Growing Health’s original remit was to evaluate research into how gardening can impact on health, but it also set out to discover how food growing and other green projects could work more closely with the health service.

From the evidence it collated, it found that simply viewing a green space through a window can help people relax and reduce stress levels. Other evidence confirmed that the physical activity of gardening can improve mental wellbeing.

Growing Health is also keen to spread best practice by publishing case studies illustrating how organisations got to where they are, and how they forged links with other services.

“Collating all that information together [means that] other projects can use it to work with the health service,” says Devereaux.

GPs have been keen for years to adopt various forms of “social prescribing” – referring patients to non-clinical activities in a bid to improve their physical or mental health, says Prof Helen Stokes-Lampard, chair of the Royal College of GPs.

“GPs and our teams will see over a million patients today across the country, and for some of them, the underlying reason they are visiting their GP is not principally medical,” she says. But it is only recently that the social prescribing option has been taken more seriously.

“Some people might mock the idea of recommending a gardening group or exercise class to patients, but learning new skills, meeting people and being active can have a really positive impact on a patient’s physical and emotional health and wellbeing,” says Stokes-Lampard.

Devereaux agrees: “It’s an exciting time; there are a lot of gardens out there and it’s about accessing those for people’s wellbeing.

▲ Retired dancer Mikloth Bond at Core Landscapes Community Nursery and Garden
Photograph: 
camilla greenwell



Retired dancer Mikloth Bond at Core Landscapes Community Nursery and Garden. Photograph: Camilla Greenwell/Guardian

Experience: ‘The real learning is connecting with people’

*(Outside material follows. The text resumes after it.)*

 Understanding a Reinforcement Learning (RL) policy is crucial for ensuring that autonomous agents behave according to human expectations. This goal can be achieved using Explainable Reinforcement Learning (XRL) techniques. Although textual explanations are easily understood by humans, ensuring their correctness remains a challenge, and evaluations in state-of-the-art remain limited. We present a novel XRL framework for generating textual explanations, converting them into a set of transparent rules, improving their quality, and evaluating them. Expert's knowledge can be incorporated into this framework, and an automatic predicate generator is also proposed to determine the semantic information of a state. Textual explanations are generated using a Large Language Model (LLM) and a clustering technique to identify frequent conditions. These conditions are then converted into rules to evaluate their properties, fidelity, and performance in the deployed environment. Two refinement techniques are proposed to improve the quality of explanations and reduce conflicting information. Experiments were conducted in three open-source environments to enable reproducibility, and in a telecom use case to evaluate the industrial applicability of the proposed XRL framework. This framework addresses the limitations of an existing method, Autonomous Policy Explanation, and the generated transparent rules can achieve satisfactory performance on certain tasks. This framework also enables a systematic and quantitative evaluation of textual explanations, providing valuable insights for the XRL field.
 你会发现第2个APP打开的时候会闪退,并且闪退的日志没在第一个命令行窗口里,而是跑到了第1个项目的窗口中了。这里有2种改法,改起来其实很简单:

Becoming a community garden volunteer helped retired dancer Mikloth Bond manage mental illness. Interview by Debbie Andalo

I was diagnosed with paranoid schizophrenia 40 years ago. Two years ago I decided to look into gardening and get close to nature. That was me saying: “Well, mental health services haven’t worked.” It was time for me to take my own health in hand.

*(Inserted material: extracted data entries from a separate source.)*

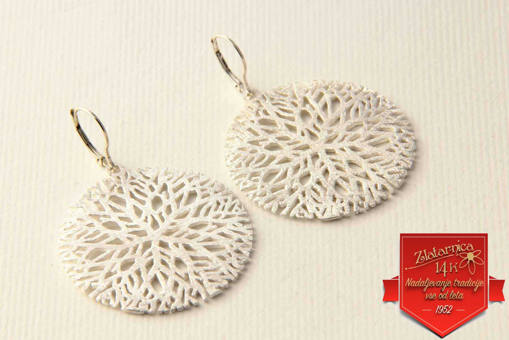 Viseči srebrni uhani z matiranimi vzorci v krogu spredaj in poliranim zadaj, ki spominjajo na snežinko .Prepletajoči liki ustvarjajo posebno elegantnco.
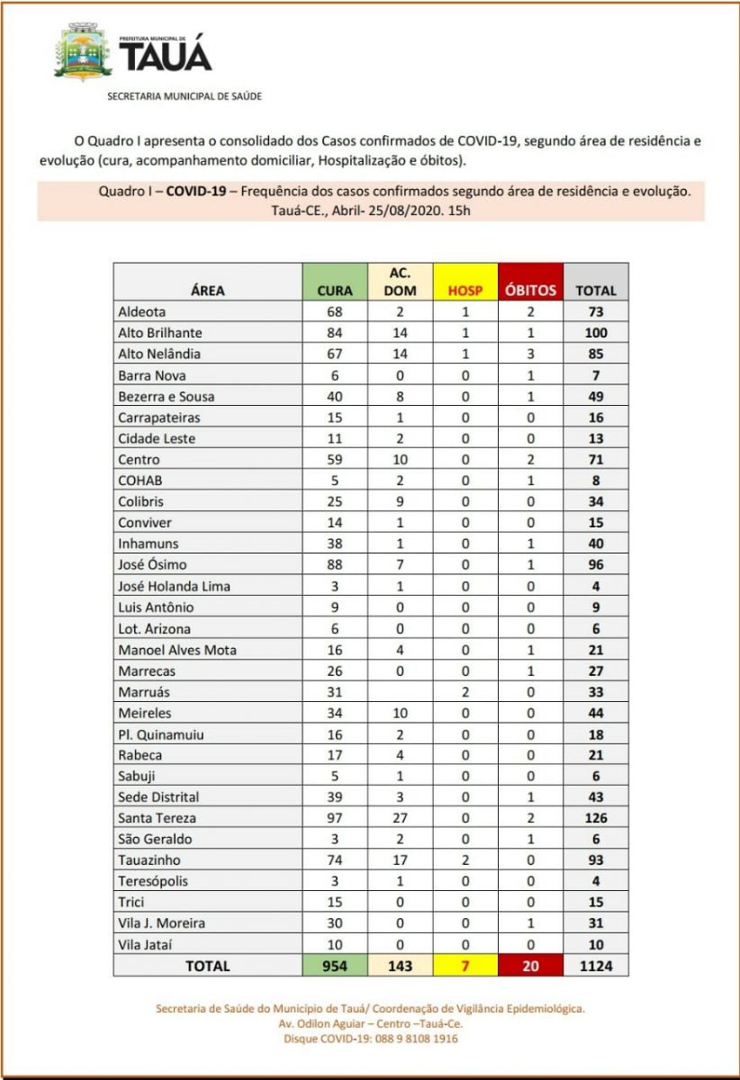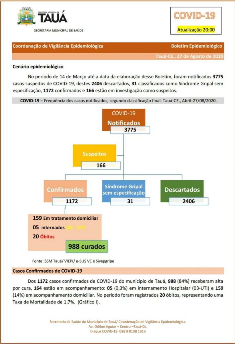 Os casos confirmados são 1172 confirmados, com 988 pessoas curadas. 20 pessoas já morreram em Tauá
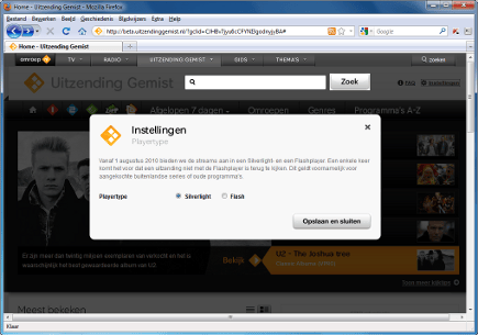 Filmpjes op Uitzending Gemist kunt u afspelen met Flash of Silverlight. Met de laatstgenoemde mediaspeler ondervindt u de minste problemen en kunt u alle programma's soepel bekijken. Bezoek de website Silverlight en klik bovenaan op Get Started. Kies aan de rechterkant voor de blauwe knop INSTALL NOW en voer het exe-bestand uit. Klik vervolgens op Nu installeren en wacht tot het proces is voltooid. Op de nieuwe website van Uitzending Gemist klikt u eerst rechtsboven op Instellingen, waarna u de optie Silverlight selecteert. Bevestig met Opslaan en Sluiten.

I wanted to connect with nature. I had an instinct that it would help my mental health if I could connect with the seasons, to live in nature’s time. I wanted to spend time with other gardeners, because they are special people.

I started as a volunteer for Spitalfields farm and it really inspired me. The gardeners would sit and talk about the plants and what they were doing and it just motivated me – I thought I’d like some of that.

When its funding ended I came to Core Landscapes, where I am a volunteer support worker twice a week. I support people on the project by just engaging with them, and in that way they support me. I’ve learned about different soils, how to do cuttings and how to plant seeds.

But that isn’t the real learning. The real learning is in connecting with people and becoming confident in yourself and just feeling part of nature; that is the real learning, especially for people with mental health issues.

I enjoy the company and look forward to going every week because it’s a close group, a group that care for one another and help each other and whose expectations of one another are not too great.

When you are gardening you get very involved, because of all the elements and the seasons. You can’t run away from it; you can’t feel superior. And by watching things grow, you realise that it isn’t always the fault of the plant if things don’t work – it’s about the seasons and the weather. It’s the same with mental health issues: it’s not always your fault.

I am also a peer support tutor at the Recovery College in Tower Hamlets, where I co-produce courses for students [recovering from mental ill health] and for health professionals as well.

I am hoping to combine my two roles in the future, as there is talk about co-producing a three-day horticultural course in partnership with Core Landscapes.